[Extracted records]
------------------------------------
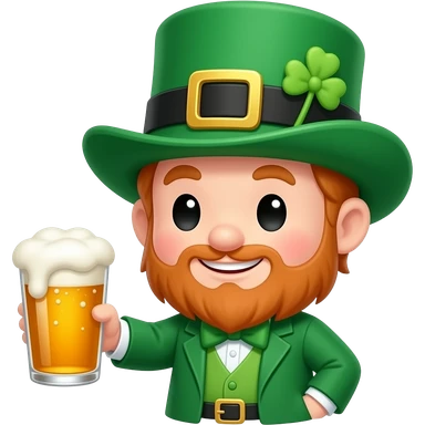 McCarthy's Irish Pub: 3D emoji style, glossy surface, soft shadows, white background, centered, no text, cute leprechaun character, tiny hat, holding a pint glass, cheeky grin, bright green, no defined gender emoji
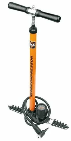La pompe SKS Rennkompressor est une pompe iconique, utilisée depuis plus de 50 ans dans le milieu du cyclisme international. Elle offre une pression jusqu’à 16 bar / 230 PSI et est disponible avec 3 embouts de valve (à choisir en option). Son tube en acier, ses pieds en fonte rabattables et ses poignées en bois en font une pompe stable, fiable et robuste.
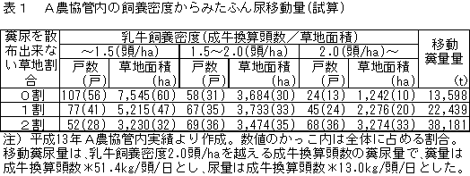 尿対策が必要となる乳牛飼養密度(乳牛成換頭数/草地面積)2.0頭/haを超える割合が農家戸数、草地面積とも3割以上となる(表1)。環境負荷を招かない適切な家畜ふん尿利用を推進するためには、草地の植生や土壌診断に基づく施肥の啓発・推進とともに、地域内で乳牛飼養密度が異なる経営間でのふん尿移動を含めた循環利用を継続的に推進するふん尿の地域的な利用システムの確立が急務である(B農協管内、C農協管内とも同様の傾向)。
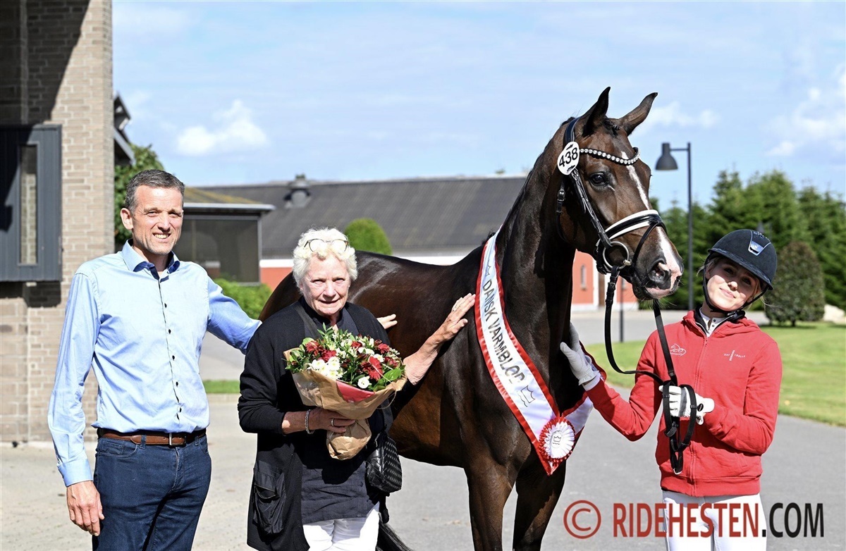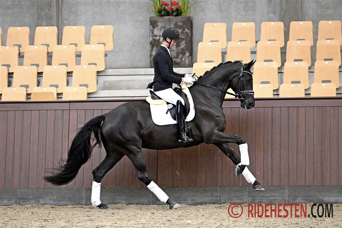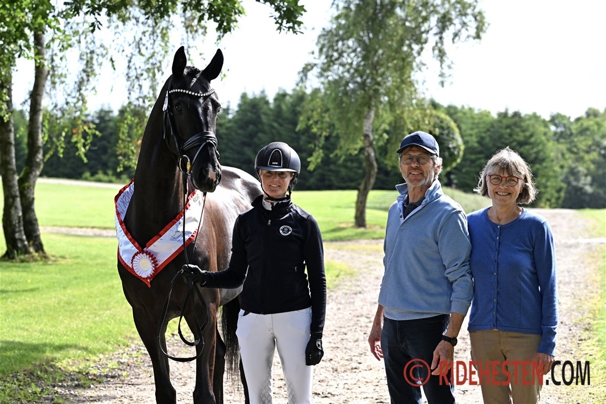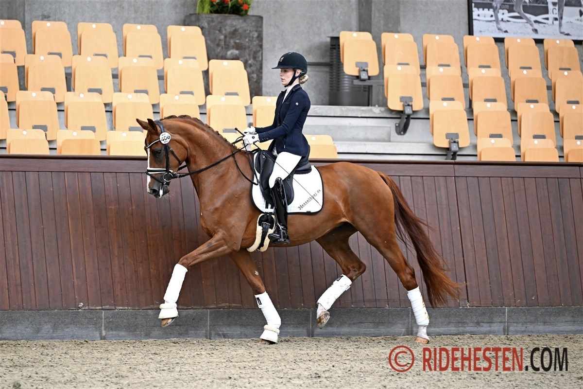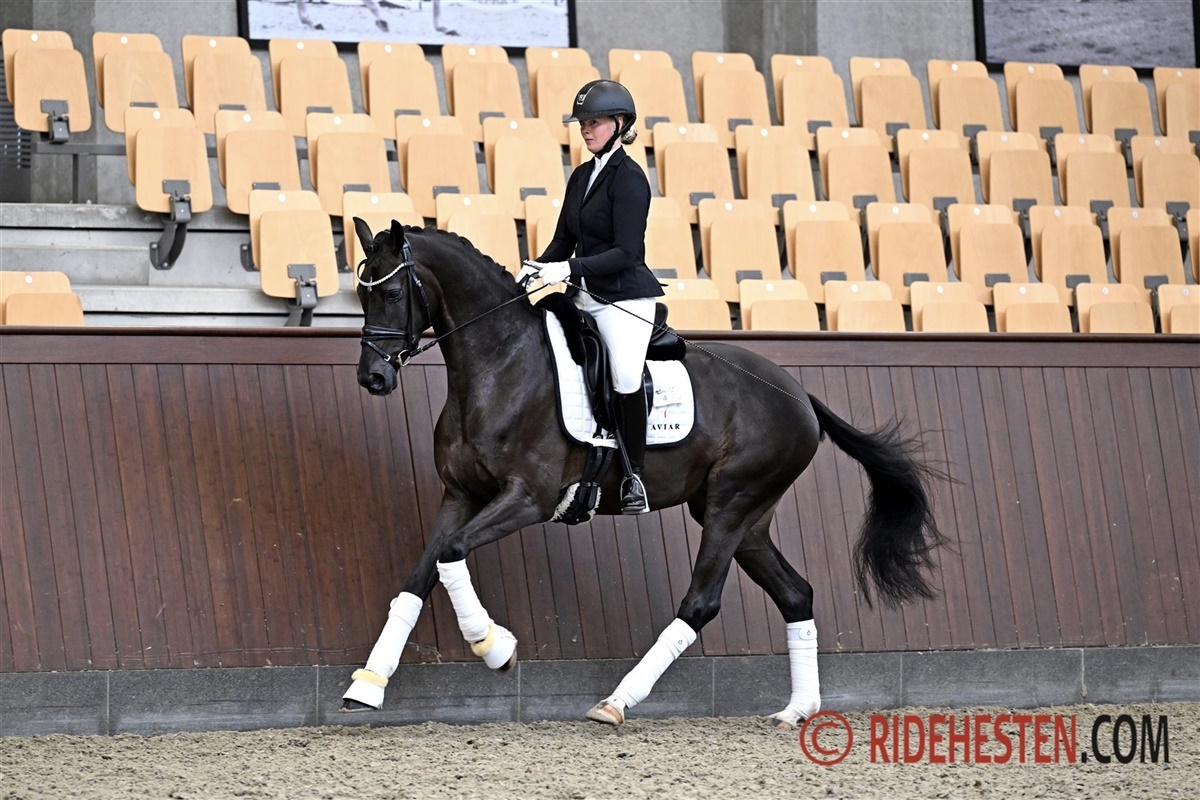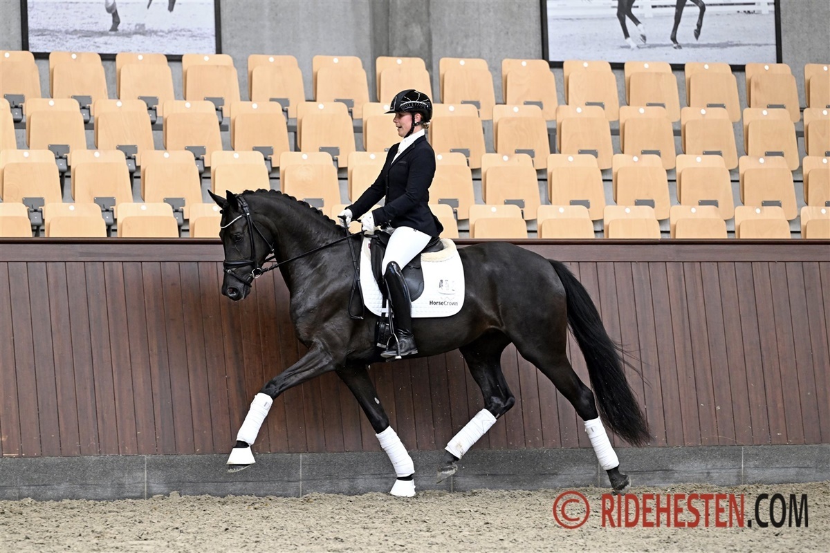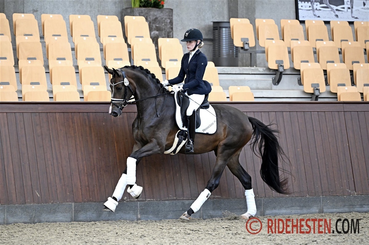 Kat. 450 Kild’s Roxanne DWB e. Revolution/Ampère født hos Lone Fredskild og ejet af Henrik Petersen Holding i Gram. Om hende bemærkede Else Lieback, at man hos enkelte af hopperne i finaleringen kunne ønske sig mere ædelhed, men Kild’s Roxanne præsenterede sig med en flot ædelhedsgrad, dejligt højtstillet og med god harmoni i kropspartierne. En velrejst hoppe, utrolig smuk, og hun aflagde en god rideprøve med 8,5 i kapacitet og galop.
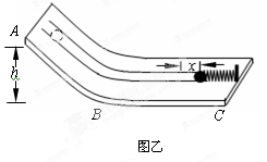 (3)课外兴趣小组活动中,物理老师曾经告诉同学们“重力势能的大小与物体被举起的高度成正比”.善于动脑的小明利用上述器材,设计了一个研究弹簧弹性势能_E_与压缩量_x_之间关系的实验方案:(实验装置如图乙)
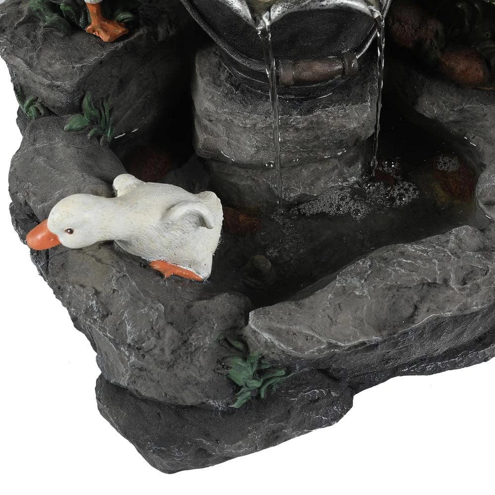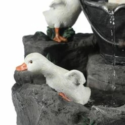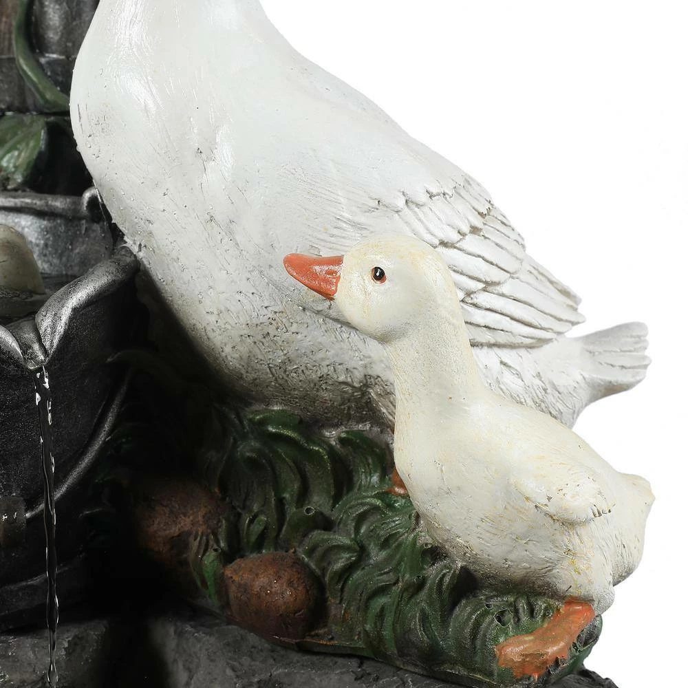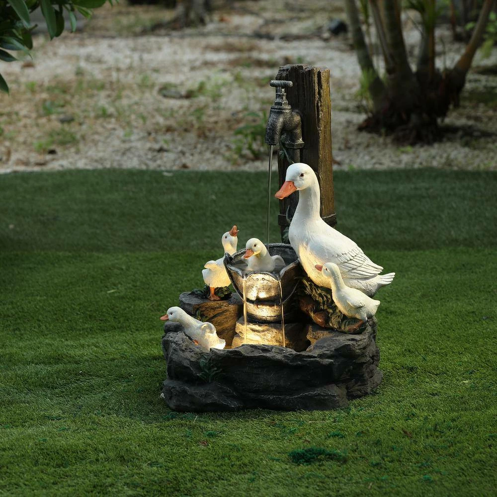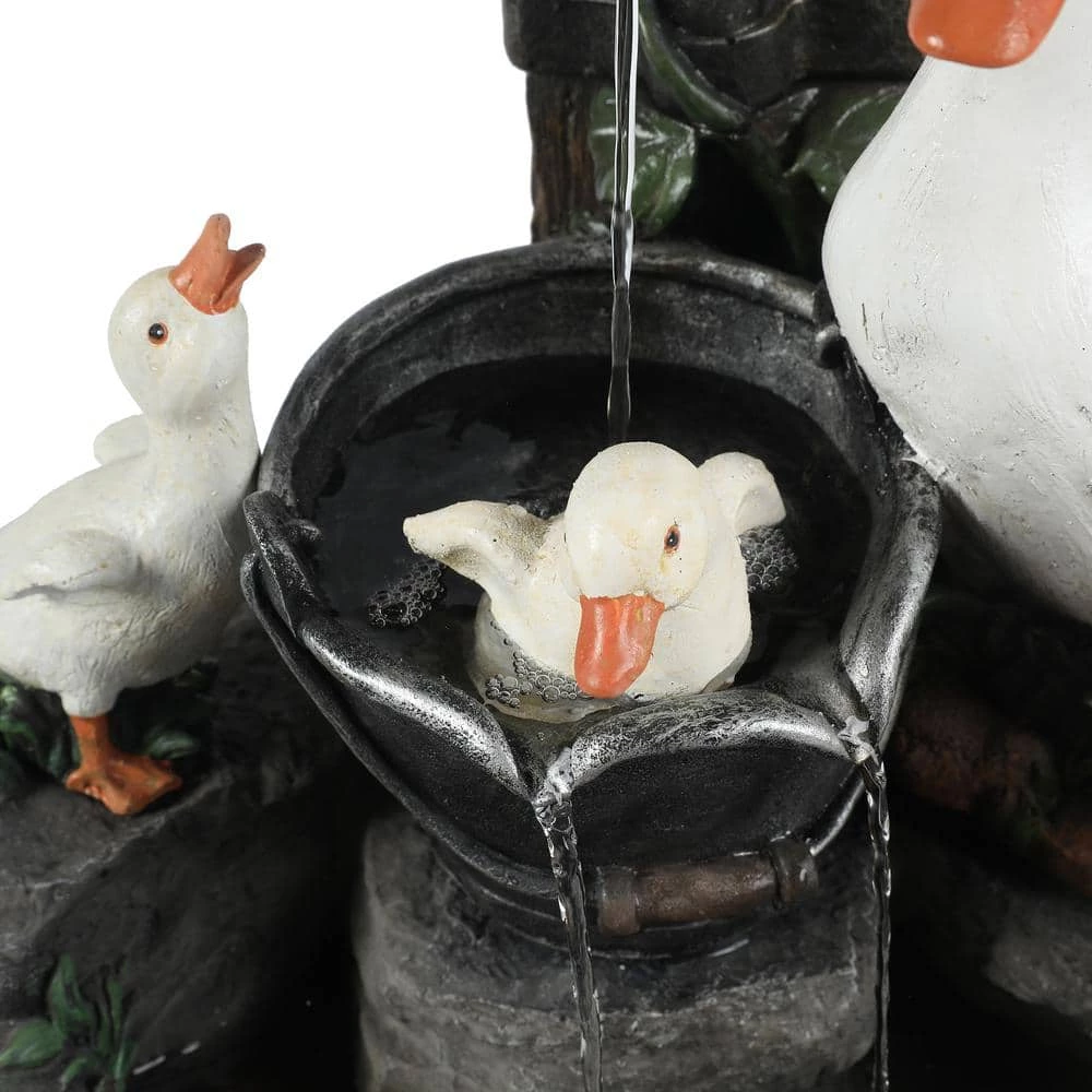 Enjoy your outdoor living area with this family of ducks taking a bath in your patio fountain. Made of sturdy polyresin, this fountain is perfect for outdoors. The patio fountain features a mama duck with her 4 ducklings at a water pump. The sound and sight of bubbling water is sure to help tie the serene garden together. Electric pump is included.
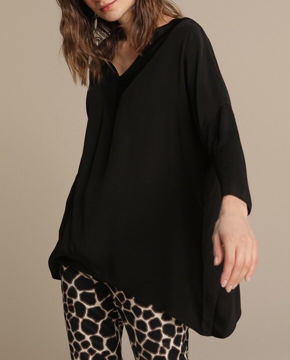 Blusón de mujer Woman Collection en color negro con ribete de lúrex
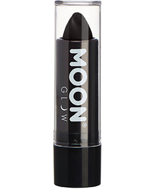 This striking Black Neon UV Lipstick 5g will be great for your next Halloween costume or everyday wear. The bold black is perfect for a Wednesday Addams costume, vampire, goth or punk costume. You can even paint your lips as you head on down to a club, festival, party, rave, or for any event and you'll rock that black lippy look to the moon and back! Your lips will emit an incredible fluorescent glow under any black light or UV lighting but will remain a bright bold colour in natural lighting. These Moon Glow lipsticks are a wax based matte lipstick that's easy to remove with makeup wipes or soap and water and are made completely cruelty-free! Get the full set including Neon UV pink, orange, yellow, green, blue and more!
------------------------------------
#### [What the task asks]
Leave out the pictures and restate, word for word, the lines from the top of the data through the line containing "Blusón de mujer", both included.

#### [Response]
 McCarthy's Irish Pub: 3D emoji style, glossy surface, soft shadows, white background, centered, no text, cute leprechaun character, tiny hat, holding a pint glass, cheeky grin, bright green, no defined gender emoji
La pompe SKS Rennkompressor est une pompe iconique, utilisée depuis plus de 50 ans dans le milieu du cyclisme international. Elle offre une pression jusqu’à 16 bar / 230 PSI et est disponible avec 3 embouts de valve (à choisir en option). Son tube en acier, ses pieds en fonte rabattables et ses poignées en bois en font une pompe stable, fiable et robuste.
 尿対策が必要となる乳牛飼養密度(乳牛成換頭数/草地面積)2.0頭/haを超える割合が農家戸数、草地面積とも3割以上となる(表1)。環境負荷を招かない適切な家畜ふん尿利用を推進するためには、草地の植生や土壌診断に基づく施肥の啓発・推進とともに、地域内で乳牛飼養密度が異なる経営間でのふん尿移動を含めた循環利用を継続的に推進するふん尿の地域的な利用システムの確立が急務である(B農協管内、C農協管内とも同様の傾向)。
 Kat. 450 Kild’s Roxanne DWB e. Revolution/Ampère født hos Lone Fredskild og ejet af Henrik Petersen Holding i Gram. Om hende bemærkede Else Lieback, at man hos enkelte af hopperne i finaleringen kunne ønske sig mere ædelhed, men Kild’s Roxanne præsenterede sig med en flot ædelhedsgrad, dejligt højtstillet og med god harmoni i kropspartierne. En velrejst hoppe, utrolig smuk, og hun aflagde en god rideprøve med 8,5 i kapacitet og galop.
 (3)课外兴趣小组活动中,物理老师曾经告诉同学们“重力势能的大小与物体被举起的高度成正比”.善于动脑的小明利用上述器材,设计了一个研究弹簧弹性势能_E_与压缩量_x_之间关系的实验方案:(实验装置如图乙)
 Enjoy your outdoor living area with this family of ducks taking a bath in your patio fountain. Made of sturdy polyresin, this fountain is perfect for outdoors. The patio fountain features a mama duck with her 4 ducklings at a water pump. The sound and sight of bubbling water is sure to help tie the serene garden together. Electric pump is included.
 Blusón de mujer Woman Collection en color negro con ribete de lúrex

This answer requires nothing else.